Immediate corrective actions included removal of the scaffolding, replacement of the pinched air line, and restoration of the valve to operable status. Because this violation was of very low safety significance (Green) and was entered into the licensees corrective action program as Condition Report CR-CNS-2016-05608, this violation is being treated as a non-cited violation in accordance with Section 2.3.2.a of the NRC Enforcement Policy. (NCV 05000298/2016004-03, Failure to Maintain Service Water Pump Maintenance Procedure)
.2 (Closed) Licensee Event Report (LER) 05000298/2016004-00, Closure of Multiple Main
Steam Isolation Valves due to High Flow Signal
a. Inspection Scope
On September 24, 2016, at 8:40 p.m., during reactor cooldown for Refueling Outage (RE) 29, Cooper Nuclear Station control room operators closed the inboard main steam isolation valves (MSIV) to minimize steam flow to control the reactor cooldown rate.
Reactor pressure was controlled by the main steam line drains, and the condensate/feed system was available for reactor water level control.
Several hours later, the licensee decided to increase the cooldown rate, as allowed by plant procedures and technical specifications, and opted to open one MSIV. As part of the process to reopen an MSIV, the licensee equalized the pressure across the MSIVs to below the limit of 200 psid in accordance with Station Procedure 2.2.56, Main Steam System, Revision 49. When a differential pressure of 190 psid was established, the licensee proceeded with opening an MSIV. Upon opening the A inboard MSIV, valve MS-AO-80A, a Group 1 primary containment isolation signal was immediately received due to a main steam line high steam flow signal. The isolation signal resulted in a closure of all MSIVs and main steam line (MSL) drain valves. The control room operators subsequently equalized pressure across the valves and successfully reopened all MSIVs at 6:52 p.m. on September 25, 2016, restoring the MSL decay heat removal path, and reestablishing desired plant cooldown rates.

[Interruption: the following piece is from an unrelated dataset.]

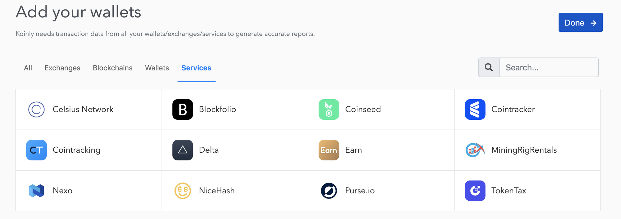 If you use other cryptocurrency services, Koinly may have support where other services do not. For example, Koinly offers support for Blockfolio which is a portfolio tracking tool. If you already have your crypto transactions/holdings captured there, Koinly can import them via CSV and catalog your transactions.
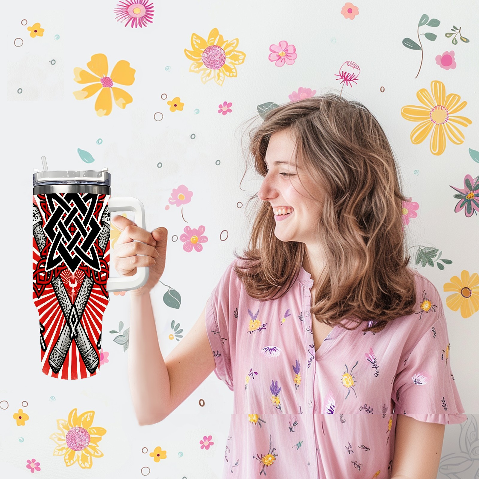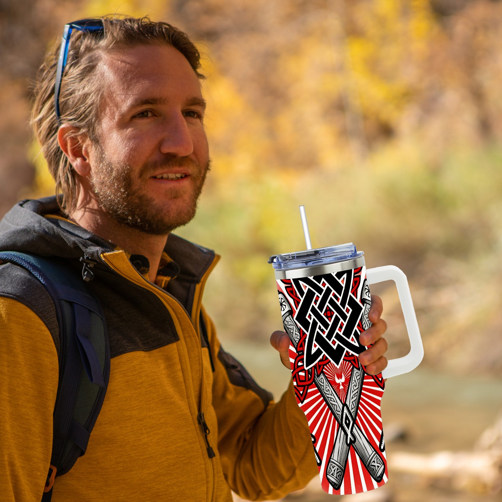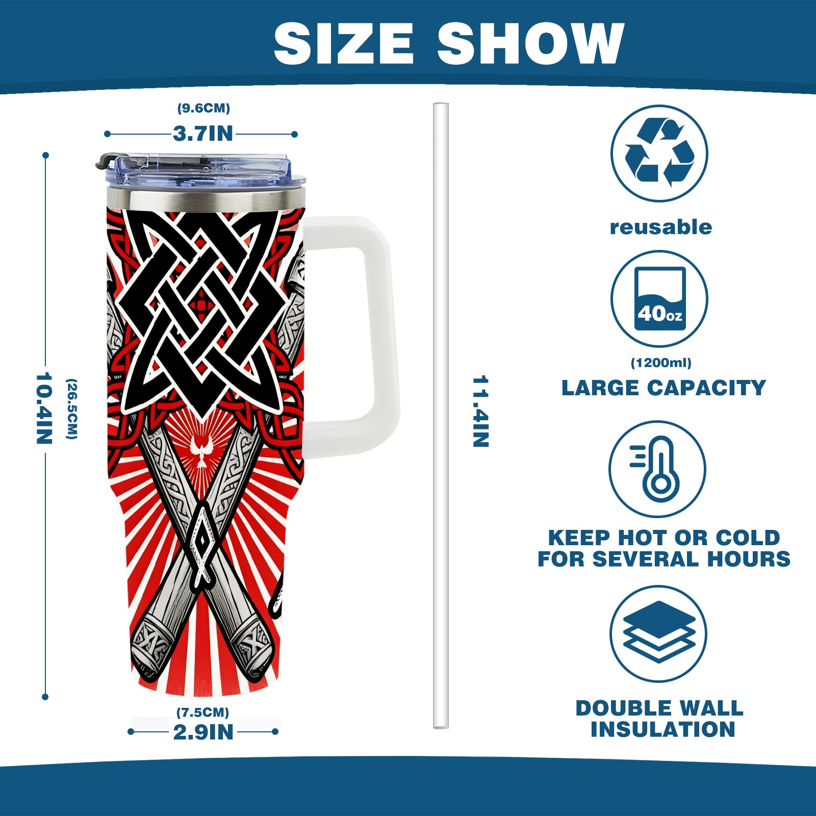 40 унций полностью напечатанный автомобильный стакан Cool Axes Red

The cause of the event was insufficient procedural guidance regarding the limitations on opening the MSIVs. To correct this issue, the applicable procedure was revised to change the differential pressure limits for opening MSIVs from 200 psid to 80 psid.
Because this event was a valid actuation of the Group 1 primary containment isolation signal, the licensee reported this under 10 CFR 50.72 and 50.73. The inspectors reviewed the event, including station logs and TS requirements; walked down the affected components; and discussed the events with the licensee. The inspectors also reviewed the apparent cause evaluation, extent of condition reviews, and the corrective actions associated with the event to ensure they were appropriate.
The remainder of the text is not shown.